### TASK GOAL
Among the entries that follow, locate the line with "미디어아워 이다정 기자" and the line with "下载悟空app注册加入联盟,然后下载68软件高级实名后给机器人发账号,秒送 现在机器人秒送 梭哈就行了,可以提u,已测试到账". Output those lines and all lines in between, exactly, minus the pictures.

### GIVEN ENTRIES
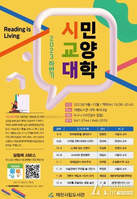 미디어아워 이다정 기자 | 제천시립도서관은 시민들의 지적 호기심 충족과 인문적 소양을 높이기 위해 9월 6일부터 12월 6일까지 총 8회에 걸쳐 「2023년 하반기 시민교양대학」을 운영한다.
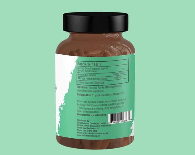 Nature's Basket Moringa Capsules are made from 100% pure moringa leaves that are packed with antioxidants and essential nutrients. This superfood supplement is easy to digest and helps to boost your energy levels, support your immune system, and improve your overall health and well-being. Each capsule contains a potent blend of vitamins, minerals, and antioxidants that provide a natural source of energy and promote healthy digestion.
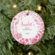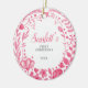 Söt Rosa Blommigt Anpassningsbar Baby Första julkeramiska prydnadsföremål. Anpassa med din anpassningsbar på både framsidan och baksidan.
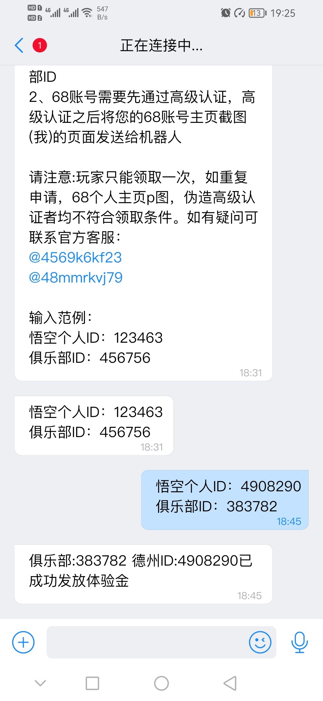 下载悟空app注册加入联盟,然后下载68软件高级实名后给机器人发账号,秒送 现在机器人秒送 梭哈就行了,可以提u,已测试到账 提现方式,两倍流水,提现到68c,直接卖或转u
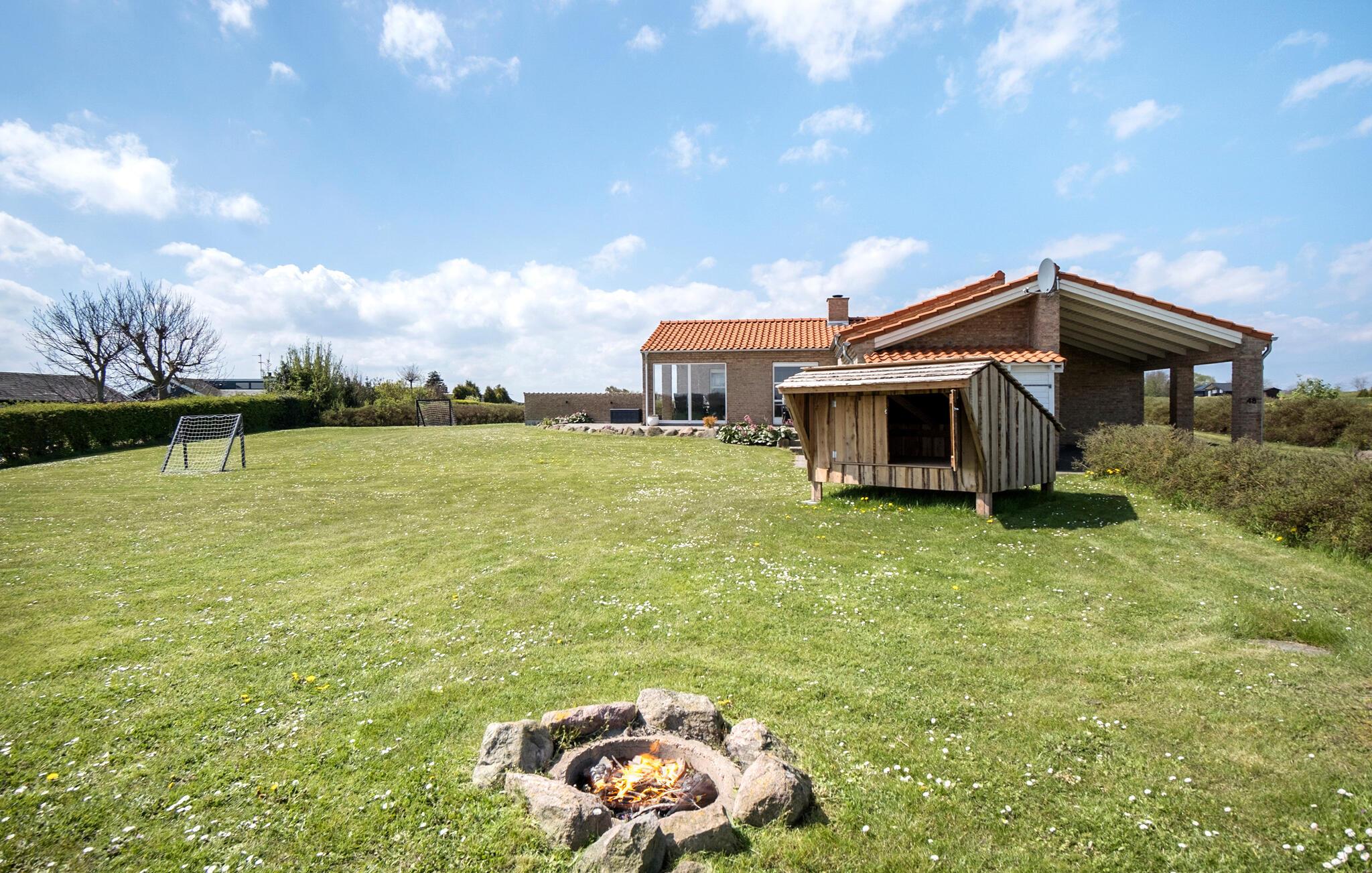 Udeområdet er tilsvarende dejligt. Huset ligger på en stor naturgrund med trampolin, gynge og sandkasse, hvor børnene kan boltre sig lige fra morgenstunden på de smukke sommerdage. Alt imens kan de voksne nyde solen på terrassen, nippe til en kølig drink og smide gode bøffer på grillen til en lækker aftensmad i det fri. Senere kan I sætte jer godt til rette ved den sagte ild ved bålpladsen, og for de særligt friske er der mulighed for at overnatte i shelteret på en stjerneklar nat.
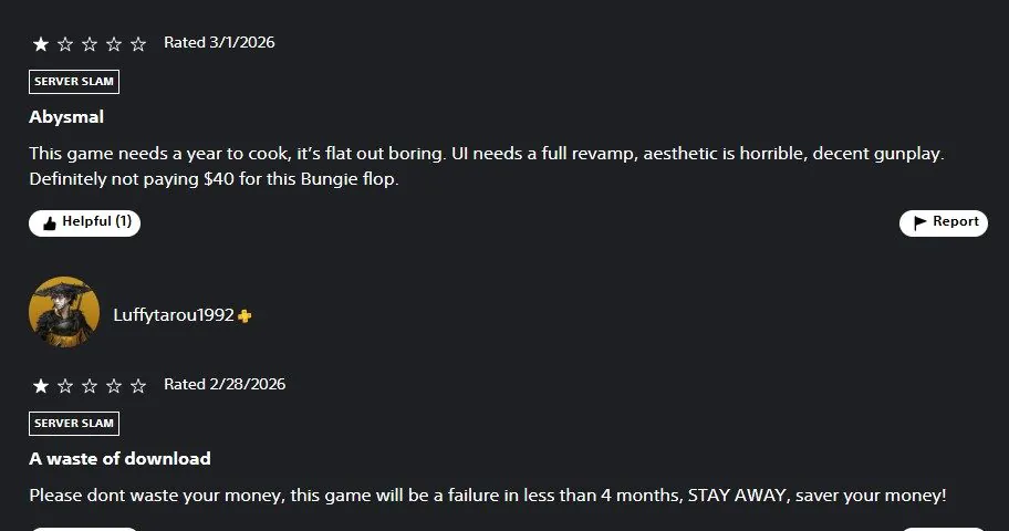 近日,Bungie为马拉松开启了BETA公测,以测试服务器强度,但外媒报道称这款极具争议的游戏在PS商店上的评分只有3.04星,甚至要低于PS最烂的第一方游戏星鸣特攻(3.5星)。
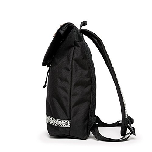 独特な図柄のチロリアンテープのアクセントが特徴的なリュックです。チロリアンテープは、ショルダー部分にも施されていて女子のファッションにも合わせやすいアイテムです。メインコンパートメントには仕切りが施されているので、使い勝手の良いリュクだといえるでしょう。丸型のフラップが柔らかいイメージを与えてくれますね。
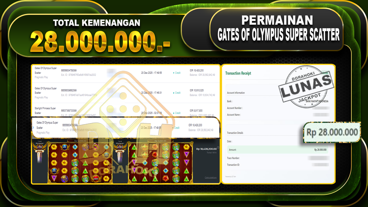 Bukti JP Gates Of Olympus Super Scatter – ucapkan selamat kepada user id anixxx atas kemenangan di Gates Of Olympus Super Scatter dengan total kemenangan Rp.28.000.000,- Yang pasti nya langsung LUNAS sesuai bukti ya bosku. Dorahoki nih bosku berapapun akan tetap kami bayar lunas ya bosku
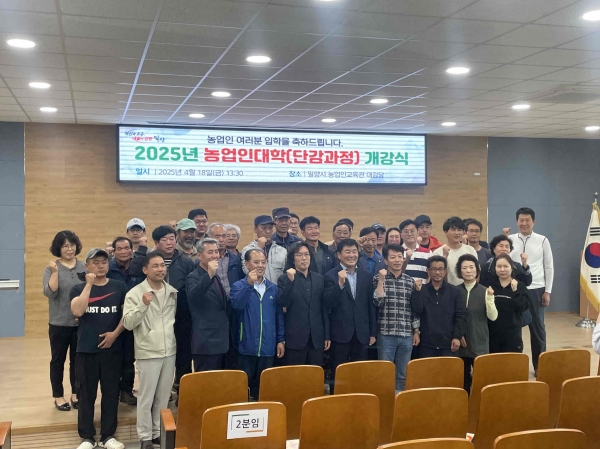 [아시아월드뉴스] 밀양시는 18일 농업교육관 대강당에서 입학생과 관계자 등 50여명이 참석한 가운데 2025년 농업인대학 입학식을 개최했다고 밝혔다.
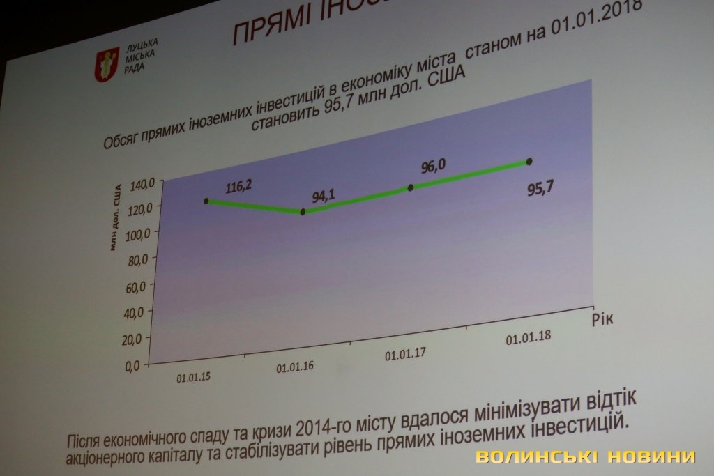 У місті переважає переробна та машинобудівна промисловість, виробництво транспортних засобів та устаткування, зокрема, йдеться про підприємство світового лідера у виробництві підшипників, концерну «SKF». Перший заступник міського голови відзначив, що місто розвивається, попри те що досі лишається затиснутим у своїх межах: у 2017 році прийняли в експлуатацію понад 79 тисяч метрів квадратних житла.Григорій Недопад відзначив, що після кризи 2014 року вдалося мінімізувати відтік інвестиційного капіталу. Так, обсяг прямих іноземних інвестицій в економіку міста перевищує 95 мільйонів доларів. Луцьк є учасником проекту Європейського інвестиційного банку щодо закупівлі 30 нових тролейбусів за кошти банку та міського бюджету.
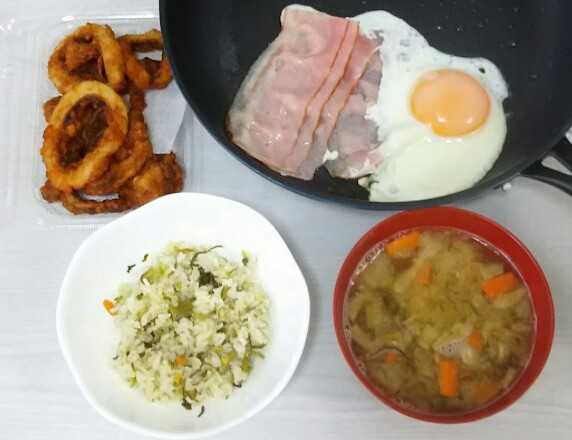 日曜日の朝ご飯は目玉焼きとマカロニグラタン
--
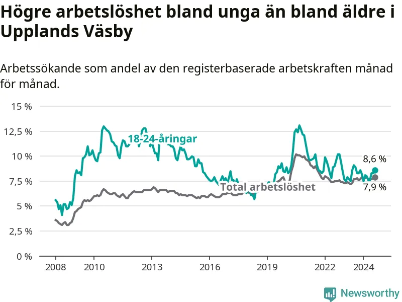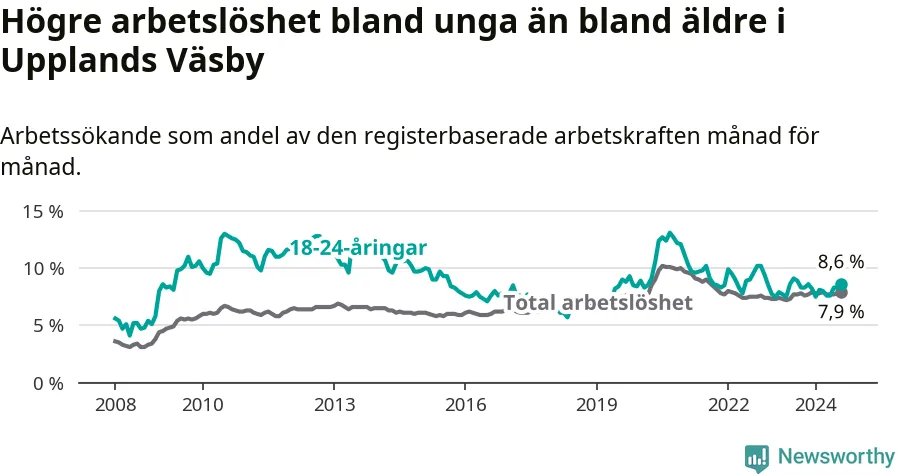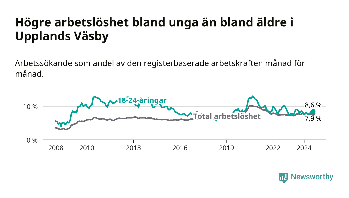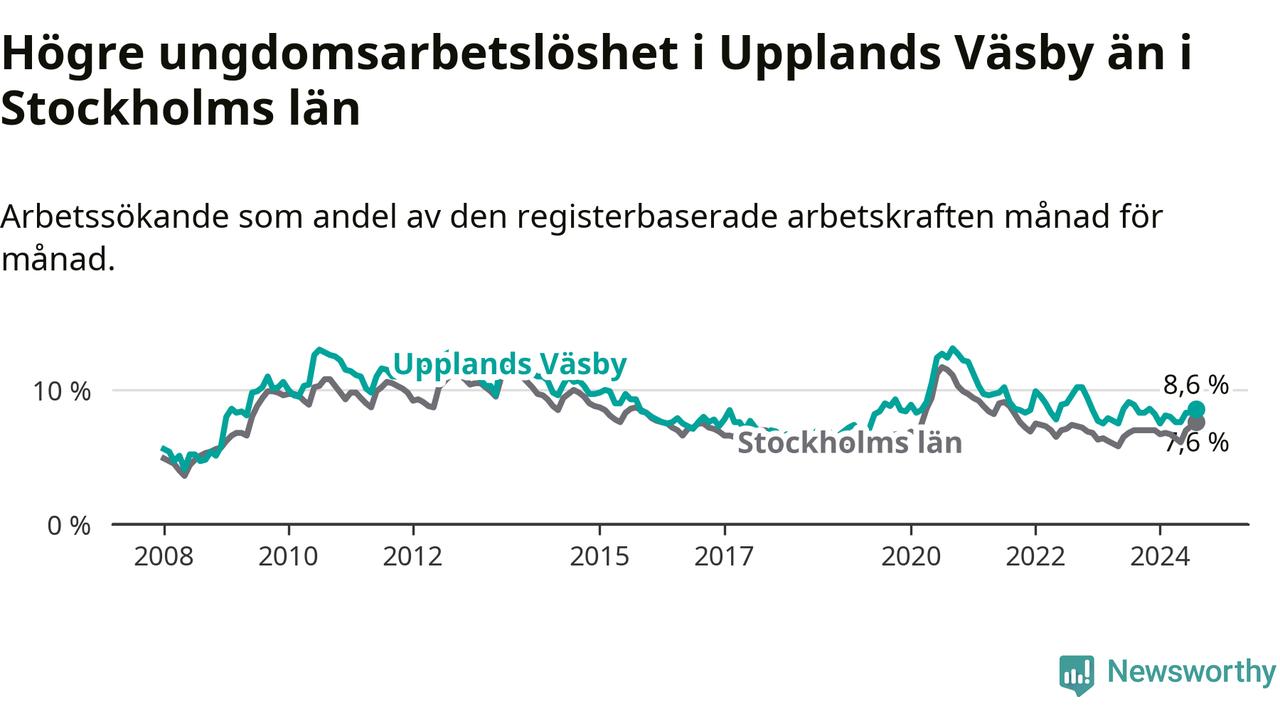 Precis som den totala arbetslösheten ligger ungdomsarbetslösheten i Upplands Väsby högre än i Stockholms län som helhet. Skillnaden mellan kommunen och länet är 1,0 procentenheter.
--
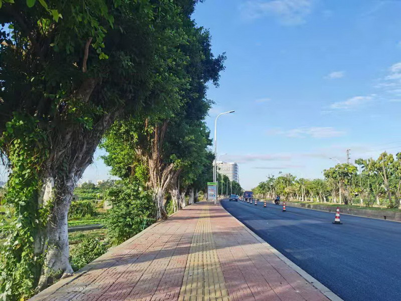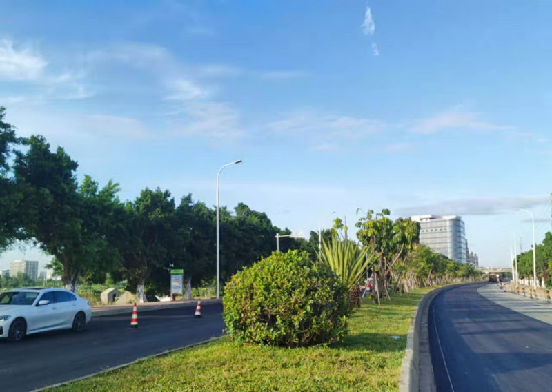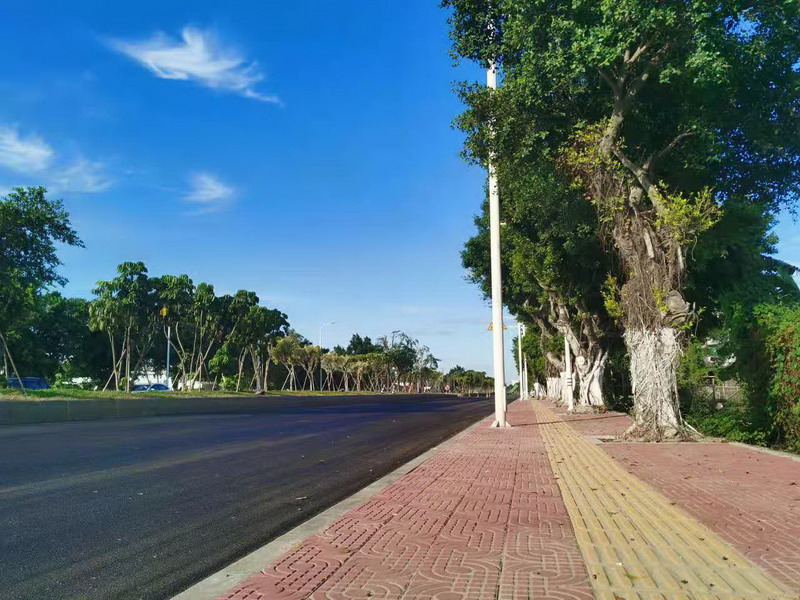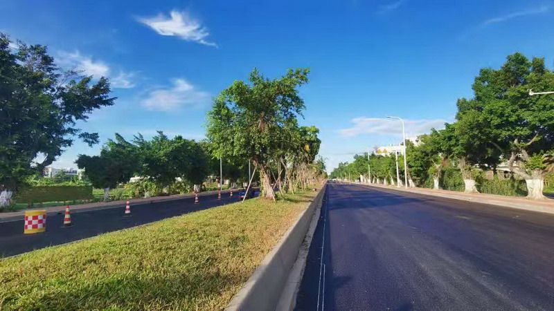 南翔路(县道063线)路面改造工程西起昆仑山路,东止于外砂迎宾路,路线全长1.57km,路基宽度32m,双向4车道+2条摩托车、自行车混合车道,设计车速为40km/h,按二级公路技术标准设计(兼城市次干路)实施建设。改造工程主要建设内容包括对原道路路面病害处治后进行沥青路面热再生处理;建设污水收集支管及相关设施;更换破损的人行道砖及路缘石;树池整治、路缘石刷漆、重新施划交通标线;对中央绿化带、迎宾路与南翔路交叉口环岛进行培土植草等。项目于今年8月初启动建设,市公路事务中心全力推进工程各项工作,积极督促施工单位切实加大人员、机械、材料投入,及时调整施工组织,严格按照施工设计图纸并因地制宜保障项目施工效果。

### OUTPUT BELOW
 미디어아워 이다정 기자 | 제천시립도서관은 시민들의 지적 호기심 충족과 인문적 소양을 높이기 위해 9월 6일부터 12월 6일까지 총 8회에 걸쳐 「2023년 하반기 시민교양대학」을 운영한다.
 Nature's Basket Moringa Capsules are made from 100% pure moringa leaves that are packed with antioxidants and essential nutrients. This superfood supplement is easy to digest and helps to boost your energy levels, support your immune system, and improve your overall health and well-being. Each capsule contains a potent blend of vitamins, minerals, and antioxidants that provide a natural source of energy and promote healthy digestion.
 Söt Rosa Blommigt Anpassningsbar Baby Första julkeramiska prydnadsföremål. Anpassa med din anpassningsbar på både framsidan och baksidan.
 下载悟空app注册加入联盟,然后下载68软件高级实名后给机器人发账号,秒送 现在机器人秒送 梭哈就行了,可以提u,已测试到账 提现方式,两倍流水,提现到68c,直接卖或转u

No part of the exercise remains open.